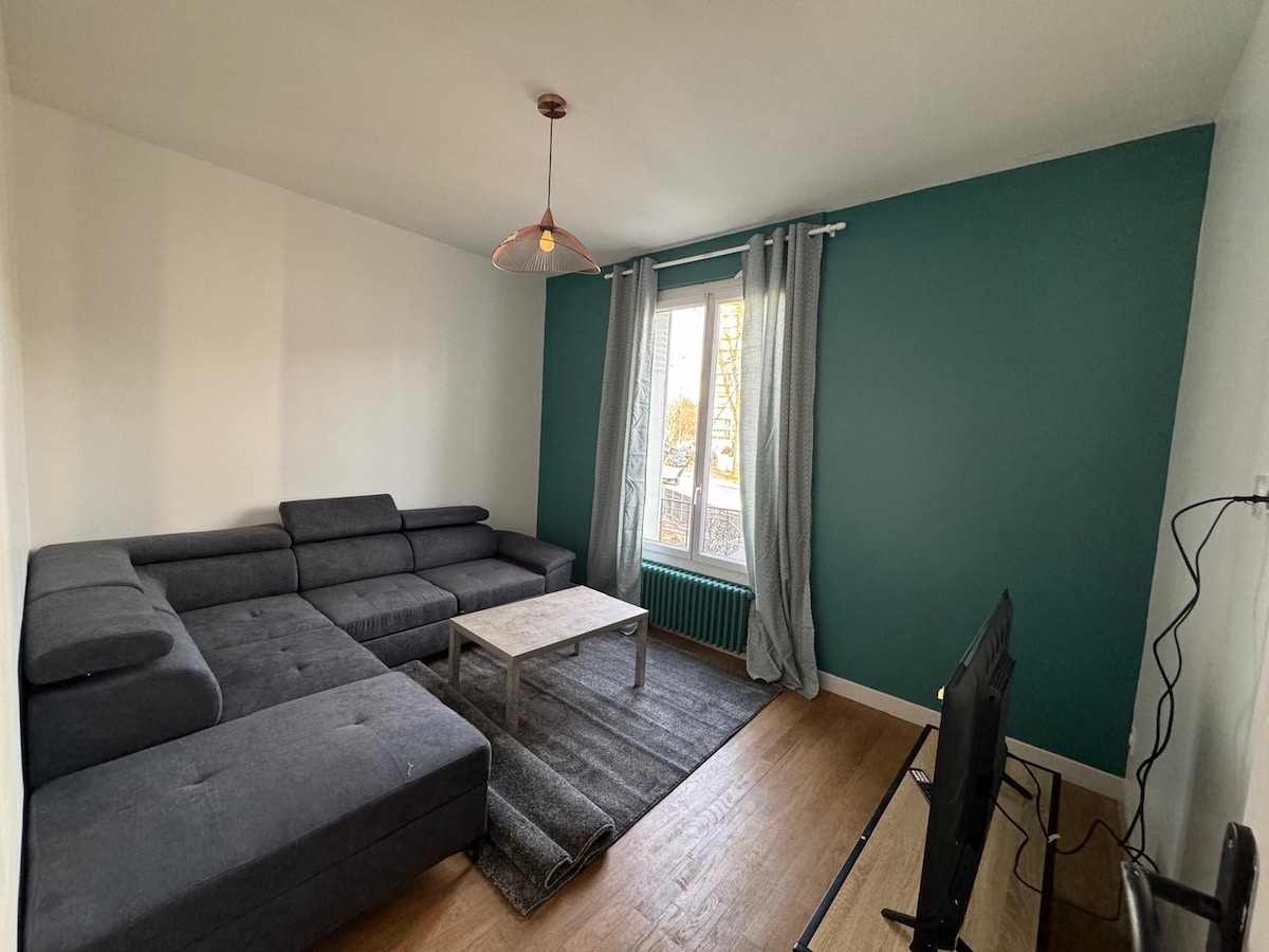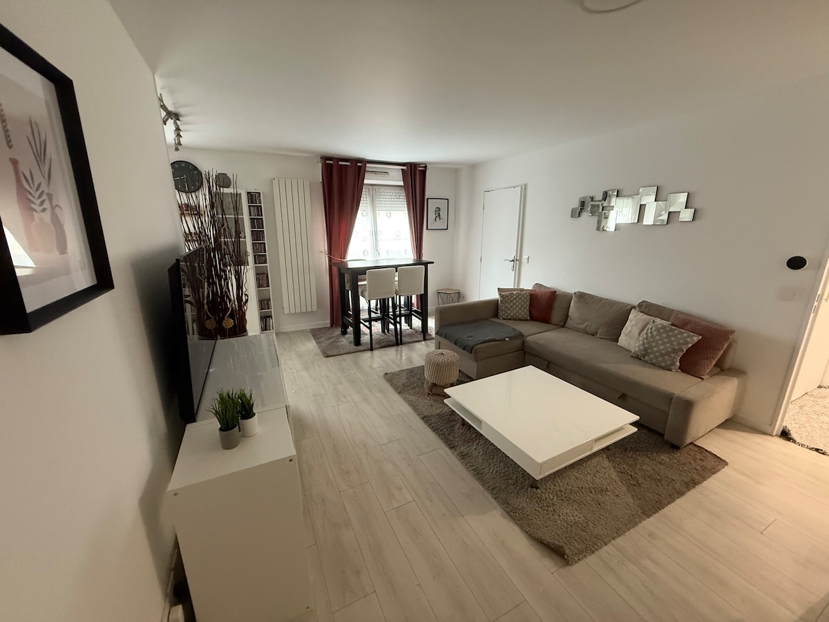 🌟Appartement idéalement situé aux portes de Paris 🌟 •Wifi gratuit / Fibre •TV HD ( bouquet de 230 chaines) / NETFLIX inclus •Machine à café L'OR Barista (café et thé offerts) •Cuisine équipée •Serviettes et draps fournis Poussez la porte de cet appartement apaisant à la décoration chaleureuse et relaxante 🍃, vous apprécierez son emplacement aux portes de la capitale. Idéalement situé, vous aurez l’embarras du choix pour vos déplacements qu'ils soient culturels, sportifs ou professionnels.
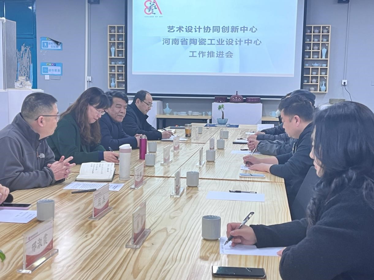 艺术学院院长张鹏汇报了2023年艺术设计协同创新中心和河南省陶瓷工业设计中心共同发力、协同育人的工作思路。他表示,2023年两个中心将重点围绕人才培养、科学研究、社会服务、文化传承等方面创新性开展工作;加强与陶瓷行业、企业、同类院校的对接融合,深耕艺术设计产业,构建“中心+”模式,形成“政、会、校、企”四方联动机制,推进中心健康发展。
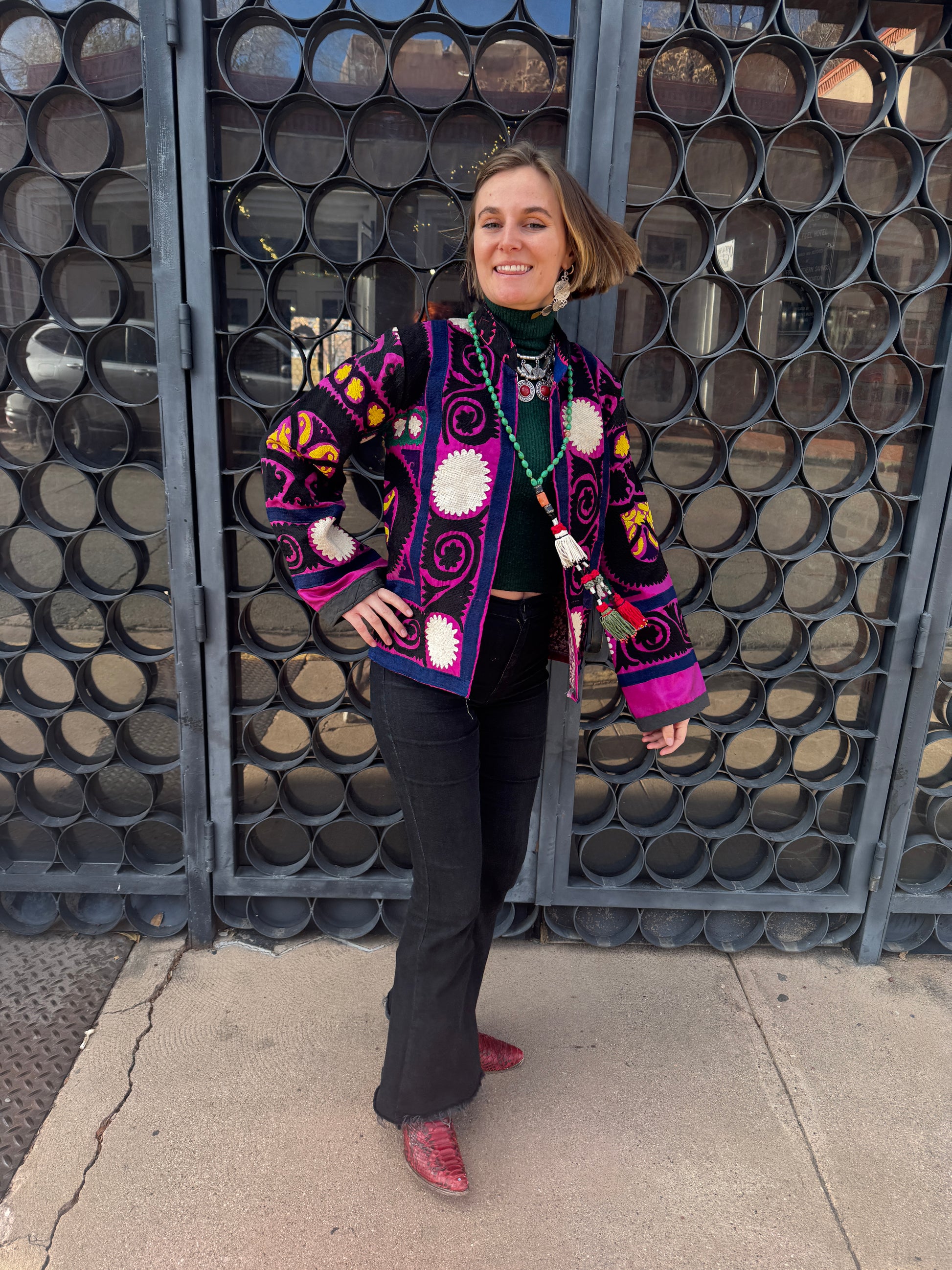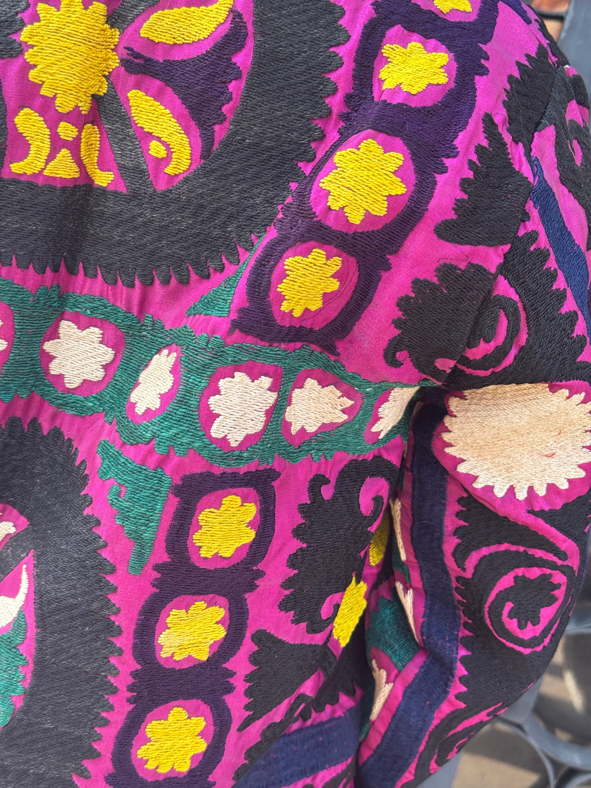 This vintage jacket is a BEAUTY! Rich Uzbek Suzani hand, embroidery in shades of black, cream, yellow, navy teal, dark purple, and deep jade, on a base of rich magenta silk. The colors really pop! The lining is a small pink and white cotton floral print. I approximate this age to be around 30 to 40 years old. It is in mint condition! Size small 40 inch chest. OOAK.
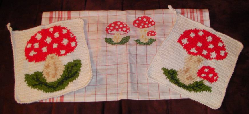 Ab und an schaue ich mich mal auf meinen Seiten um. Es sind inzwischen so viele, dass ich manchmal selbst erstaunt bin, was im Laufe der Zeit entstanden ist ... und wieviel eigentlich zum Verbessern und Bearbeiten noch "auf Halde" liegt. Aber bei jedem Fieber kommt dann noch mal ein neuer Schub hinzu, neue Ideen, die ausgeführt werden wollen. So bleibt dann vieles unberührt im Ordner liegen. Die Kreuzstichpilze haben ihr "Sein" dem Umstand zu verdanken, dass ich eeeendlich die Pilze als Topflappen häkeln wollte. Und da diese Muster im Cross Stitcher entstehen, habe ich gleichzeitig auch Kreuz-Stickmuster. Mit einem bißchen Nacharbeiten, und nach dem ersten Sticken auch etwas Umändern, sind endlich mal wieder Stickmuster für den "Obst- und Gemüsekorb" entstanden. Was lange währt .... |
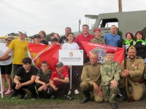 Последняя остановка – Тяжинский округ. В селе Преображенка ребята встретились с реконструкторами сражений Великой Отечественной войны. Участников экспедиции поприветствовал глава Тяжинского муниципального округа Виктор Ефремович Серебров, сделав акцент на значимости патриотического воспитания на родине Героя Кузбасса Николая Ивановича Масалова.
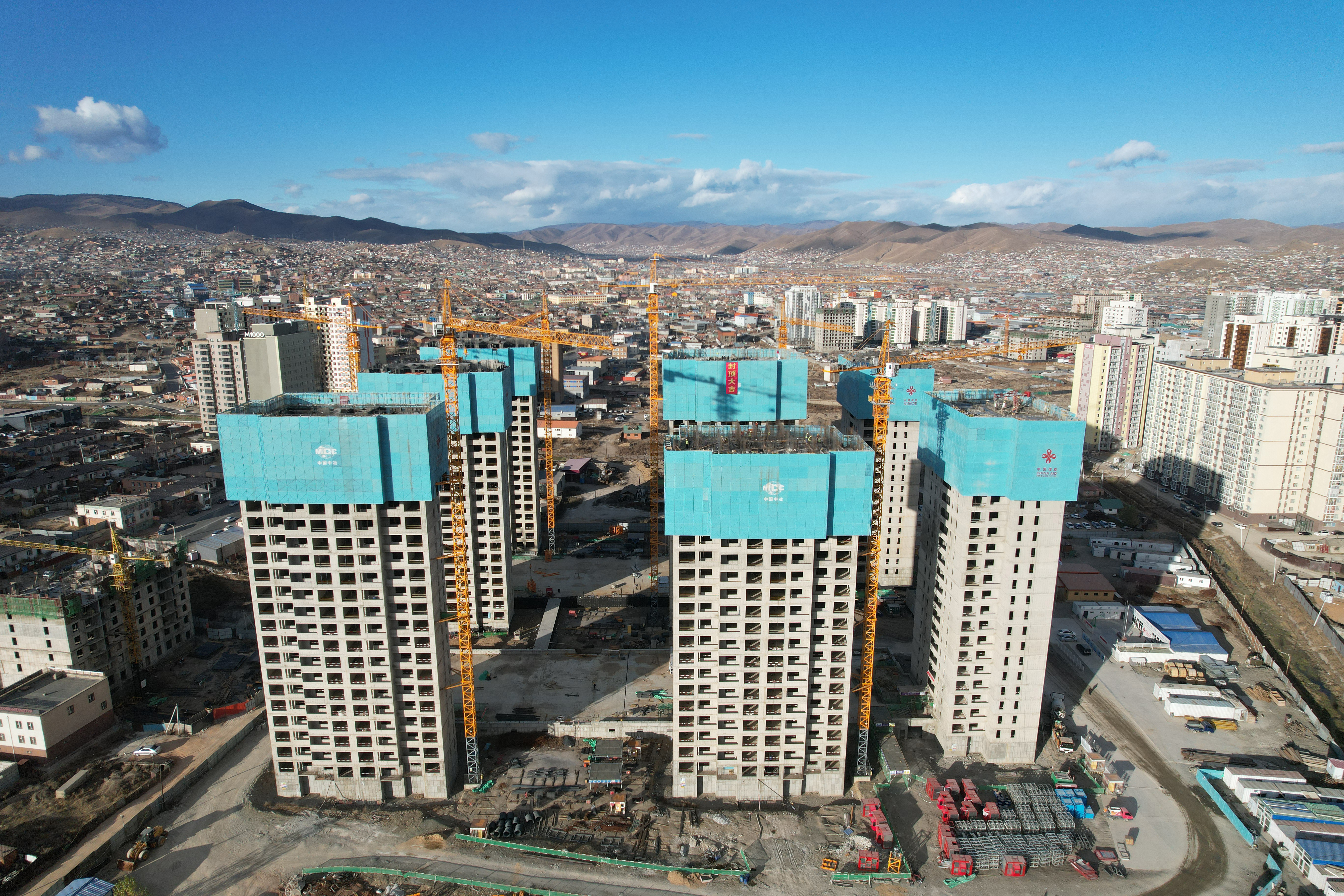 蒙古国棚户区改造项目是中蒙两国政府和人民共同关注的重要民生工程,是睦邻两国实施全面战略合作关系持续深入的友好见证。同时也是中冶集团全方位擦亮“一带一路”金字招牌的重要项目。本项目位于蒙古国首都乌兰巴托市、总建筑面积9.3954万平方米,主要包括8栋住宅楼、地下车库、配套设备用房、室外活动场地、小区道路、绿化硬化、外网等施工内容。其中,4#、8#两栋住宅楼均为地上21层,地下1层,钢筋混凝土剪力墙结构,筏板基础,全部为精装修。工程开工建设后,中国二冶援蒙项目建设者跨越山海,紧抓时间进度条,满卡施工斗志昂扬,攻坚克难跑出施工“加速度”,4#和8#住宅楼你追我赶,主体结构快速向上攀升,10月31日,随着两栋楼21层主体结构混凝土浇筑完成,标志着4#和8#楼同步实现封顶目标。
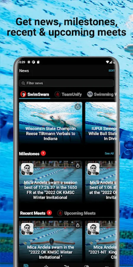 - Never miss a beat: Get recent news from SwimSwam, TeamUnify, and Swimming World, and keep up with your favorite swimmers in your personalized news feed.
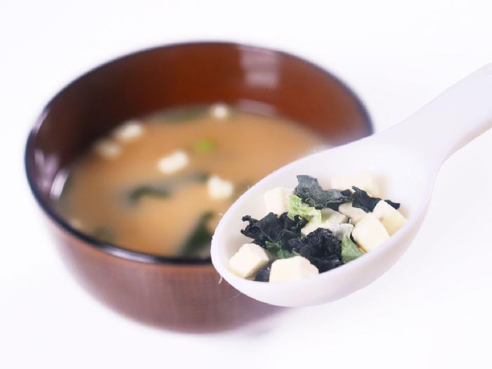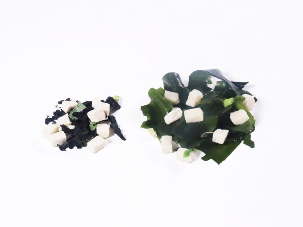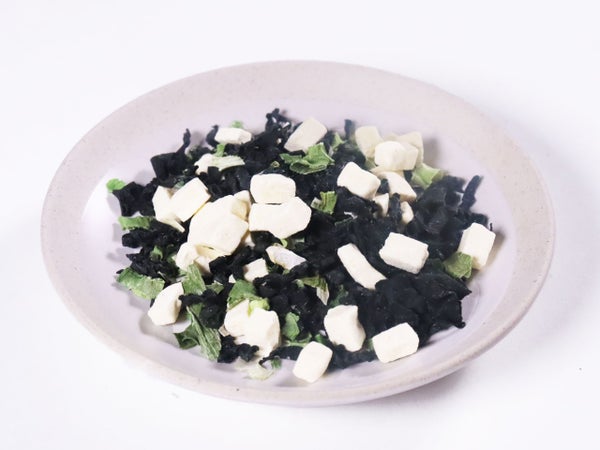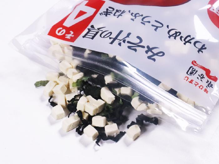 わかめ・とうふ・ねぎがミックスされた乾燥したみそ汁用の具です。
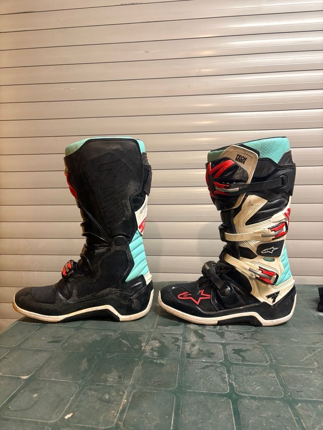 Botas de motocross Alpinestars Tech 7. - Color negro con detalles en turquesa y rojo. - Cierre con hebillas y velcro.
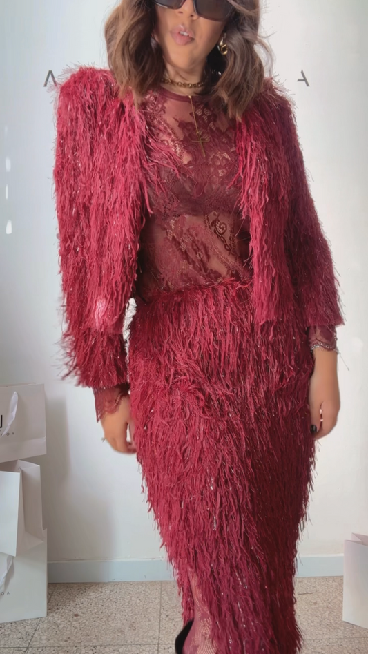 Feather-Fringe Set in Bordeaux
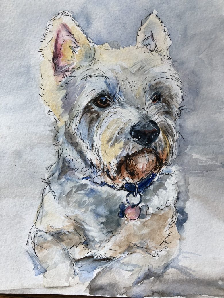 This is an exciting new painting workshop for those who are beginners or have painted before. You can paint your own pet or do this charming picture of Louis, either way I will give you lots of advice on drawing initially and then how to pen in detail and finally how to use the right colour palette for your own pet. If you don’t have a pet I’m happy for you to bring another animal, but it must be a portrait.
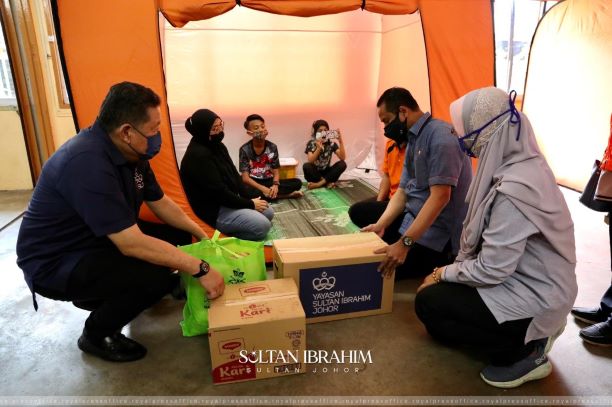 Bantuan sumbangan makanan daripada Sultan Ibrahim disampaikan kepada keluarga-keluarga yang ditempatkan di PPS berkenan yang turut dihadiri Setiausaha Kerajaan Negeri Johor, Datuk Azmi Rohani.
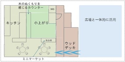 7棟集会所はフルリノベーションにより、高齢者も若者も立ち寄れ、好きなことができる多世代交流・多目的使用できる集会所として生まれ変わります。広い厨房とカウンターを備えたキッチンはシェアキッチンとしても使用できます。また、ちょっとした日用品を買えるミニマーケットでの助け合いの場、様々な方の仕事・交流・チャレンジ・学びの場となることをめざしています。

+-------+

■ Problem requirements ■
If a line comes after the line with "This vintage jacket", it stays out; print exactly every line from the start of the entries up to and including that line, but no pictures.

■ Exercise response ■
 🌟Appartement idéalement situé aux portes de Paris 🌟 •Wifi gratuit / Fibre •TV HD ( bouquet de 230 chaines) / NETFLIX inclus •Machine à café L'OR Barista (café et thé offerts) •Cuisine équipée •Serviettes et draps fournis Poussez la porte de cet appartement apaisant à la décoration chaleureuse et relaxante 🍃, vous apprécierez son emplacement aux portes de la capitale. Idéalement situé, vous aurez l’embarras du choix pour vos déplacements qu'ils soient culturels, sportifs ou professionnels.
 艺术学院院长张鹏汇报了2023年艺术设计协同创新中心和河南省陶瓷工业设计中心共同发力、协同育人的工作思路。他表示,2023年两个中心将重点围绕人才培养、科学研究、社会服务、文化传承等方面创新性开展工作;加强与陶瓷行业、企业、同类院校的对接融合,深耕艺术设计产业,构建“中心+”模式,形成“政、会、校、企”四方联动机制,推进中心健康发展。
 This vintage jacket is a BEAUTY! Rich Uzbek Suzani hand, embroidery in shades of black, cream, yellow, navy teal, dark purple, and deep jade, on a base of rich magenta silk. The colors really pop! The lining is a small pink and white cotton floral print. I approximate this age to be around 30 to 40 years old. It is in mint condition! Size small 40 inch chest. OOAK.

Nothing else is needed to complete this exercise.